Monday, Nov. 27, 1978
SEEKING DIVORCE. Barry Goldwater Jr., 40, five-term Republican Congressman from California and son of the Arizona Senator; from Susan Gherman Goldwater, 32, host of the Ohio talk show Columbus Alive; after six years of marriage, one son; in Los Angeles.
DIED. Richard D. Chapman, 67, the Ben Hogan of amateur golf; of a stroke; in Rancho Santa Fe, Calif. The affluent Chapman studied his hobby as if it were his profession, qualified to play in 19 Masters tournaments and, among other victories over his three-decade career, captured the U.S. and British national championships.
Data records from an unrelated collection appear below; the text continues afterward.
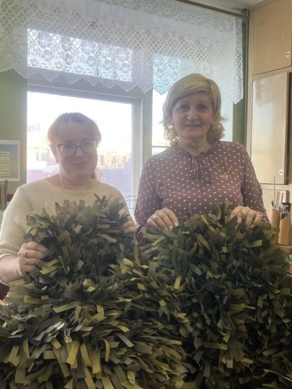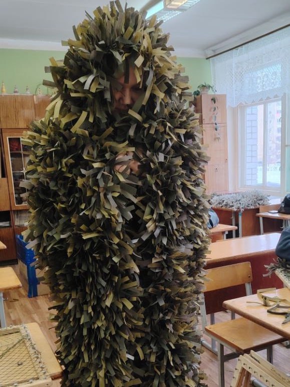 В лицее № 28 Йошкар-Олы учитель технологии Виктория Осокина провела мастер-класс по плетению маскировочных накидок для участников специальной военной операции.
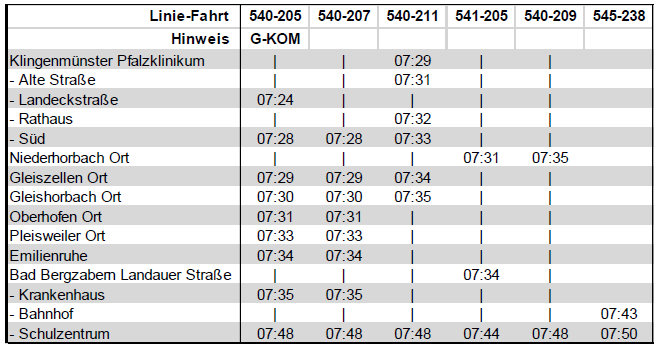 Die Linie 531 wird innerörtlich umgeleitet. Die Haltestellen Klingenmünster Rathaus und Klingenmünster Alte Straße können umleitungsbedingt nicht bedient werden. Fahrgäste werden gebeten auf die im Magdalenenweg eingerichtete Ersatzhaltestelle mit den Abfahrtszeiten der Haltestelle Klingenmünster Alte Straße auszuweichen.Linie 540: Bad Bergzabern - Klingenmünster - Billigheim-Ingenheim – Landau
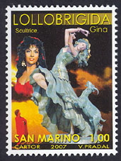 意大利著名的影星--吉娜.洛罗布里吉达邮票
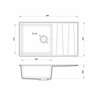 Мойка кухонная GranFest LEVEL GF-LV-860L чаш+кр 860*500мм черный, мрамор
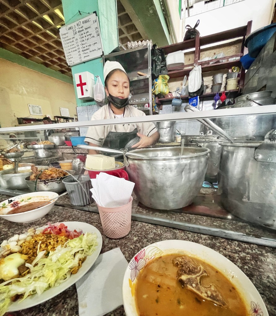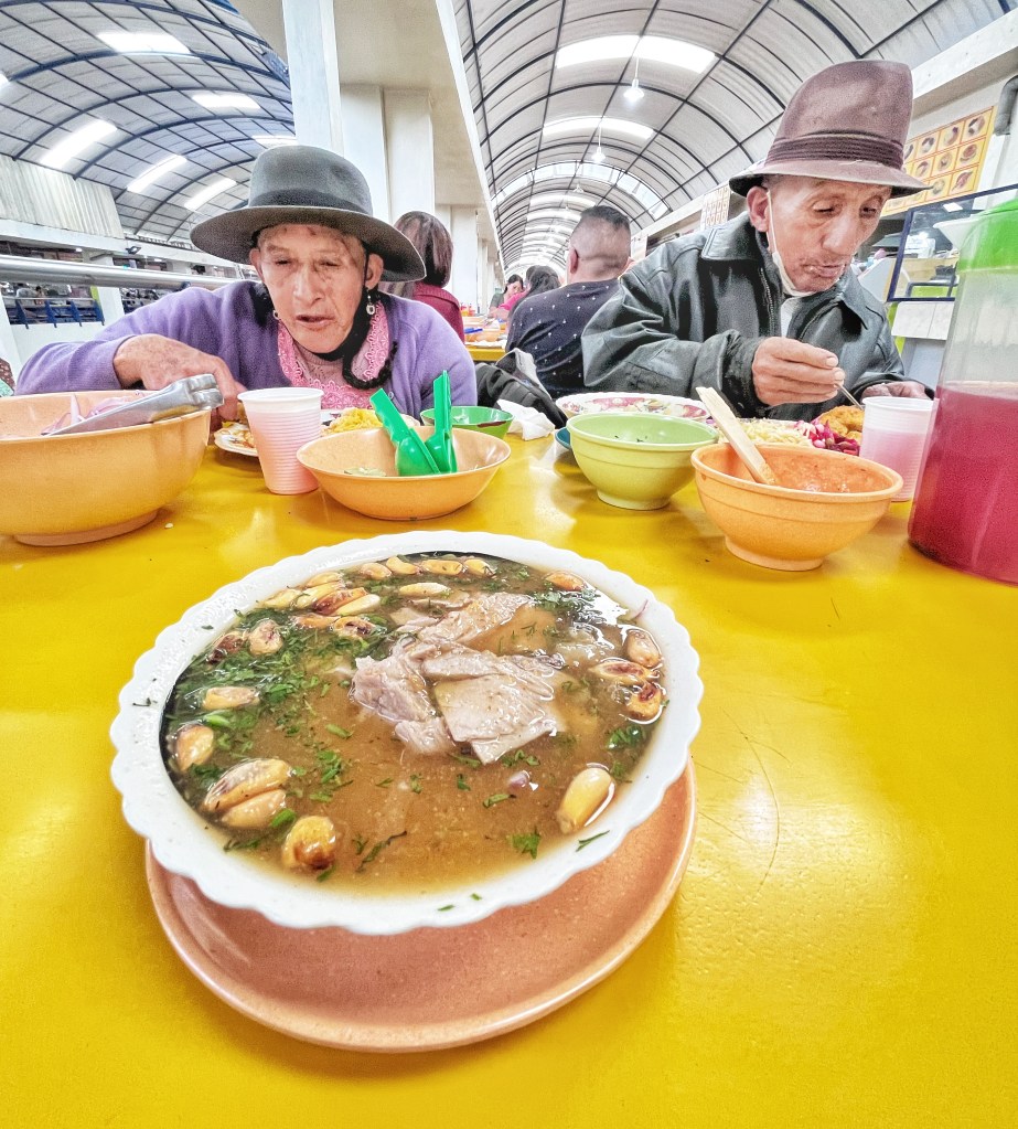 Sharing my table in the Cuenca market with a couple from the countryside while enjoying a delicious bowl of encebollado.
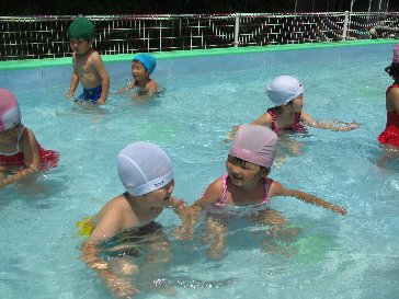 黒川小学校のプールで泳ぎました。広いプールで怖かっ

DIED. Margaret Mead, 76, renowned anthropologist, author, and critic of cultures both primitive and modern; in New York City (see BEHAVIOR).
DIED. W. Douglas Burden, 80, naturalist and explorer; in Charlotte, Vt. Trained in paleontology, Burden led an expedition to the Dutch East Indies island of Komodo in 1926 in search of the vicious Komodo dragon. He became the first white man to capture the reptile, the world's oldest and, at 10 ft. and 250 Ibs., largest lizard; of the 14 specimens he collected, two may be seen in the American Museum of Natural History. Burden's exploits inspired a friend, Film Director Merian Cooper, to make King Kong. Interested in filming undersea life, Burden in 1938 joined with Ilia Tolstoy, grandson of the Russian writer, and Cornelius Vanderbilt Whitney to open Marineland, a studio aquarium near St. Augustine, Fla.
DIED. Clifford F. Hood, 84, president of U.S. Steel from 1953 to 1959; in Palm Beach, Fla. Starting as a clerk in U.S. Steel-owned American Steel & Wire Co. in 1917, Hood served as that firm's president for twelve years (1938-49) before moving over to the top post of another subsidiary, Carnegie-Illinois Steel Corp. In 1951 he was responsible for the construction of the $400 million Fairless Works near Morrisville, Pa., one of the largest steel complexes ever built, and two years later he won the presidency of "Big Steel."
DIED. Izetta Jewel Miller, 94, former actress and early feminist who twice ran unsuccessfully for the U.S. Senate, from West Virginia, in the early 1920s; in La Jolla, Calif. Active in the women's movement before World War I, Miller reigned as the leading lady of Washington, D.C., theater and was President Woodrow Wilson's favorite actress.